Smuggled across the mountainous border separating Iran and Turkey, Pourya and Samana Hajaran undertook the perilous journey to Istanbul nearly a year ago, hoping to make their way to Israel.
Instead, the Iranian husband and wife find themselves trapped in a frightening legal and bureaucratic maze.
Pourya, 22, the son of an Iranian Jewish mother and Muslim father, was quickly given permission to go to Israel after arriving in Istanbul. Israeli officials at the consulate told Pourya that he would be able to bring his wife over once he made aliyah.
After arriving in Israel, however, he was informed by the Interior Ministry that his request to be reunited with his Muslim wife who allegedly planned to convert to Judaism once in Israel had been rejected for unspecified security reasons.
Last week Samana Hajaran, also 22, was arrested by Turkish police for being in the country illegally. She is facing the prospect of being deported back to Iran, where reportedly she could face severe punishment.

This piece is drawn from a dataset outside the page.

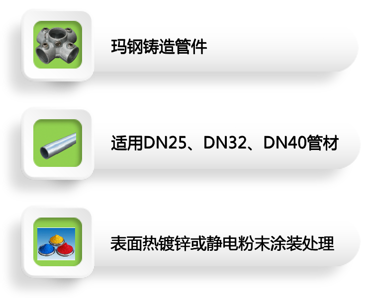 BG系列安全护栏由BGP系列管夹配件及国际管材组装而成。表面可进行热镀锌及热镀锌后静电喷塑处理,常用管材包括DN20、DN25、 DN32、DN40。广泛应用于工业厂房、平台、设备、柱、角的安全防护,楼顶防坠楼安全防护,化工设备安全防护,水处理设备及水池防护,商超安全防护等。
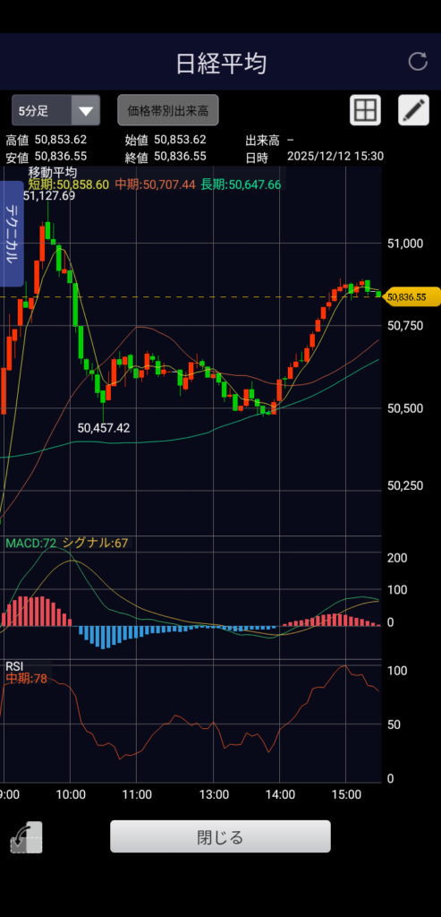 日経平均先物・オプション12月物の特別清算指数(SQ)値は50,536.54。

“I’m very scared for her,” said Pourya Hajaran, speaking by telephone from the Israeli port city of Ashdod, where he is living in an immigrant absorption center. “My life, from morning until evening, is just crying for her. I really don’t know what to do for her.”
“She’s in a very bad place right now. There’s no warm place to sleep. No place to shower,” he said in halting Hebrew he learned in an Israeli ulpan. “They told her that she might be going back to Iran, which would be very dangerous for her.”
Pourya Hajaran grew up in the city of Hamadan, nearly 200 miles west of Tehran. Having a Muslim father and Jewish mother put him in a unique theological position according to Islamic law he is a Muslim, while Jewish law accepts him as a Jew.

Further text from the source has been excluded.